Calling someone a nigger isn’t subtle. But prejudice since the ending of the Civil Rights Movement has become more subtle each year since.
Growing up in post Civil Rights Movement New York was my reality. I didn’t know what should or shouldn’t be, or even how things had been. For me it just simply was.
We didn’t know busing was new. It just was. We didn’t know we weren’t wanted in white neighborhoods . . . until we experienced the riots. Elementary school was relatively uneventful. I had never been called a nigger, and if I was discriminated against, I was oblivious to it.
I know my mother came often to the school to fight for this or that, but I just thought it was because she was a strong black woman. I didn’t learn until later that it was because she was ensuring we weren’t left out, looked over or pushed aside.
By the time I was in 6th grade I started hearing talk of “the riots” from my brother who was 5 years older. I only half-way believed him, choosing instead to believe school officials would never allow children to be harmed on school grounds.
Once in junior high, I realized my brothers’ accounts were understatements. Every day after school, we boarded city buses provided by the school board. Minutes after boarding the buses, white students brandishing sticks, bottles, bricks and whatever else they could lay their hands on, rushed the buses. Banging on the windows and walls of the buses, they’d try to pry open the back doors.

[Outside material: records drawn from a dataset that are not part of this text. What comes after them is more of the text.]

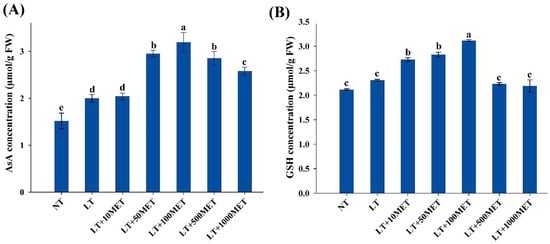 Effects of exogenous melatonin on non-enzymatic antioxidants (AsA (A) and GSH (B)) in strawberry seedlings under cold stress. Plants treated with distilled water under the normal conditions (25 °C) served as control (NT). The strawberry seedlings were pretreated with distilled water (LT), 10 μM melatonin (LT + 10MET), 50 μM melatonin (LT + 50MET), 100 μM melatonin (LT + 100MET), 500 μM melatonin (LT + 500MET), and 1000 μM melatonin (LT + 1000MET) 3 times in a two-day interval and then exposed to cold stress for 2 days. Graphs represent the mean of three biological replicates. Values labeled with different letters indicate significant differences among treatments at (p ≤ 0.05) by LSD.
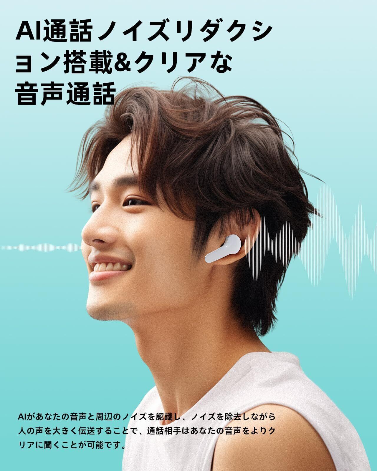 【Bluetooth 5.3瞬時接続&AI通話ノイズキャンセリング+クリアな通話実現】新世代の干渉防止bluetooth5.3は、どんな環境でも恐れない、スムーズに通信できます。障害ものがない場合は、10メートルの受信距離を実現できて、従来の受信距離により大幅に向上します。音楽のデータの転送が高速で、電波が飛び交う満員電車でも飛びや音途切れが起きにくく、遅延が大幅に改善されます。AIノイズリダクション搭載:AIがあなたの音声と周辺のノイズを認識し、ノイズを除去しながら人の声を大きく伝送することで、通話相手はあなたの音声をよりクリアに聞くことが可能です。(※この機能は通話時のノイズを除去する機能であり、音楽を聴くときに周囲の雑音を除去するものではありません)
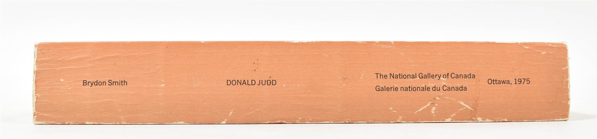 Ottawa, National Gallery of Canada, 1975. A catalogue for Judd's retrospective exhibition at the National Gallery of Canada, Ottawa, 24 May - 6 July 1975, edited by Dudley Del Balso, Brydon Smith and Roberta Smith. First edition. Softcover, orange cover with black lettering, 28 x 22.5 x 4.5 cm, 320 pp. Text in parallel English and French. Profusely illustrated in b/w.
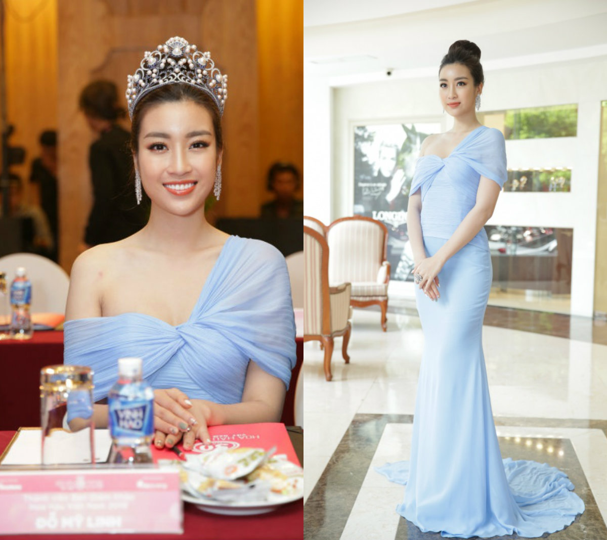 Bạn sẽ bất ngờ trước tủ đồ toàn những kiểu váy lệch vai của người đẹp họ Đỗ. Mới đây nhất khi tham gia sự kiện họp báo HHVN 2018 diễn ra hôm 12/6, chân dài tiếp tục với phong cách sang trọng, thanh lịch. Và váy áo kiểu “nửa kín nửa hở” ở bờ vai tiếp tục được cô lựa chọn. Phần cổ áo lệch một bên vai giúp Đỗ Mỹ Linh khoe khéo xương quai xanh nhỏ nhắn và quyến rũ.
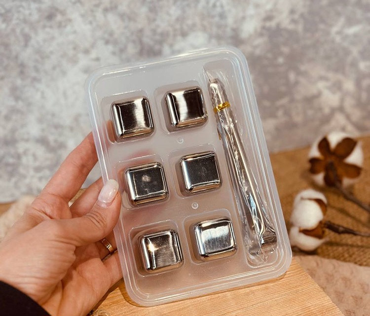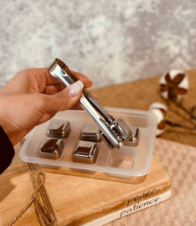یخ استیل مکعبی ۶ عددی به همراه انبر
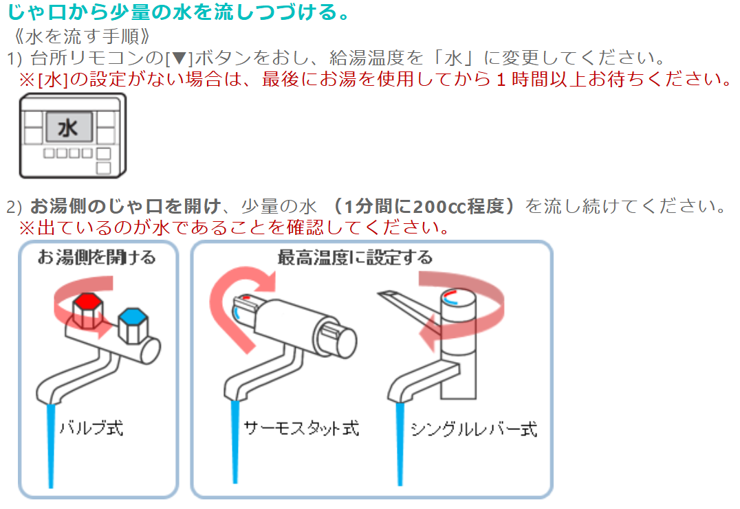 ・少量の水を流し続ける
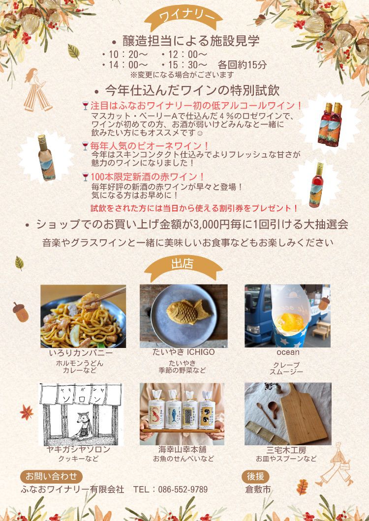 【倉敷市】【11/23(日)開催】ふなおワイナリー ワインと音楽のまつり ~ ワイン片手に音楽を聴きながら、おいしい料理やスイーツを
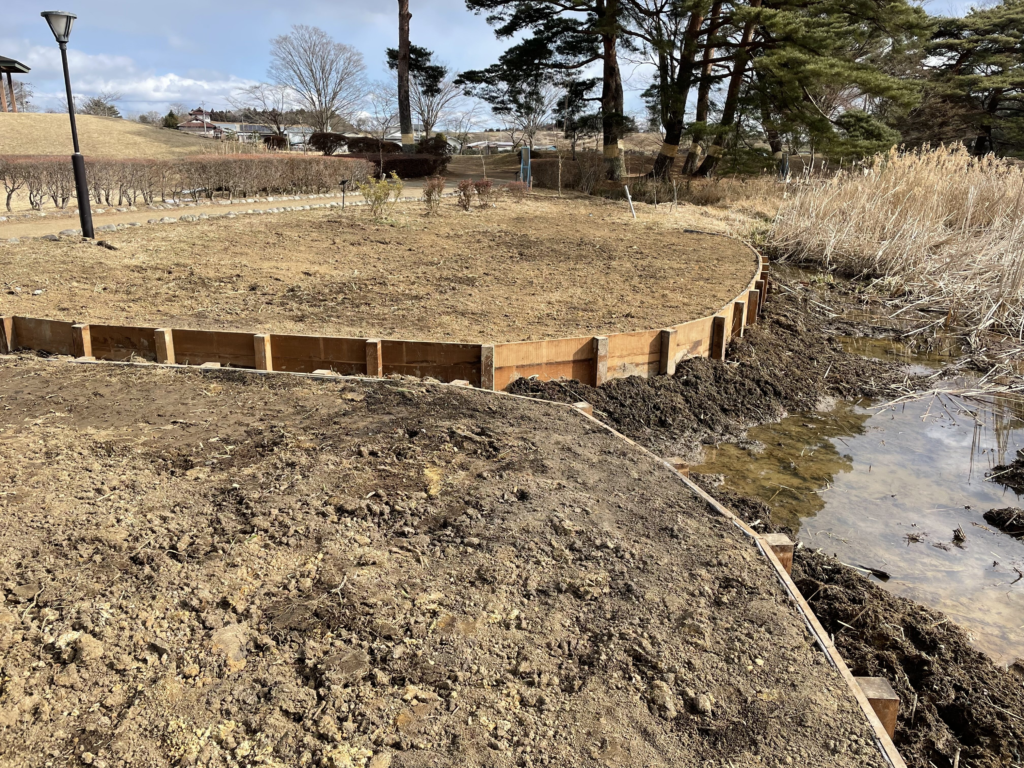 以前から当社で施工に携わっていた大池公園の土留め柵が完成しました!
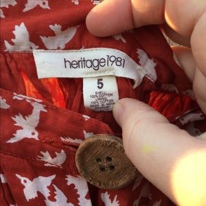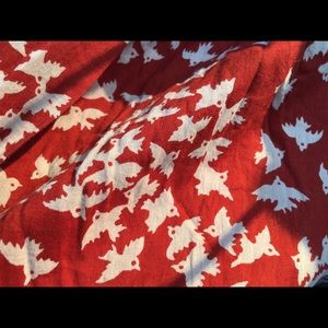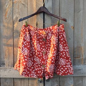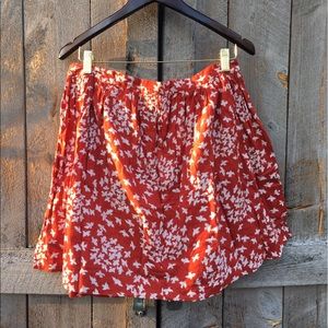 Super comfortable, lightweight and airy! A-line cut, and can be worn high waisted or lower on the hips. Buttons up the front with wooden buttons, 100% cotton and lined. Size says "5" but should fit if you typically are around a 6. Great for warmer days or layering. (Absolutely love this skirt but it no longer fits me.)

Once inside, the fighting took on a terrifying momentum and blood was usually drawn. What was the bus driver doing? Often sitting in his seat waiting to drive away from the school.
Many times I yelled “Go! Go!” but he would sit there idly, as calmly as if reading his evening paper. Prejudice had become subtle. I quickly learned to sit as close to the driver as possible since he was never harmed.
The riots were so loud and violent, anyone within a couple blocks of the school could hear it. It was impossible to NOT know what was going on. Yet we had some teachers who, as punishment, would keep their classes in after school – just long enough for the buses to leave. (Prejudice is subtle and sometimes silent.) That left white students to walk home, as always, unguarded and unharmed. But for black students left behind, it was a terrifying walk (or run) to the public bus stop. The few stragglers were an easy target for rioters who hadn’t had their fill with the captive students on the buses.
The riots would haunt my dreams my entire 7th grade year.
The school system appeared to be helpless to do anything about it. Would they have been as helpless had white students been bused into a black neighborhood? The subtleness of prejudice . . . hard to detect.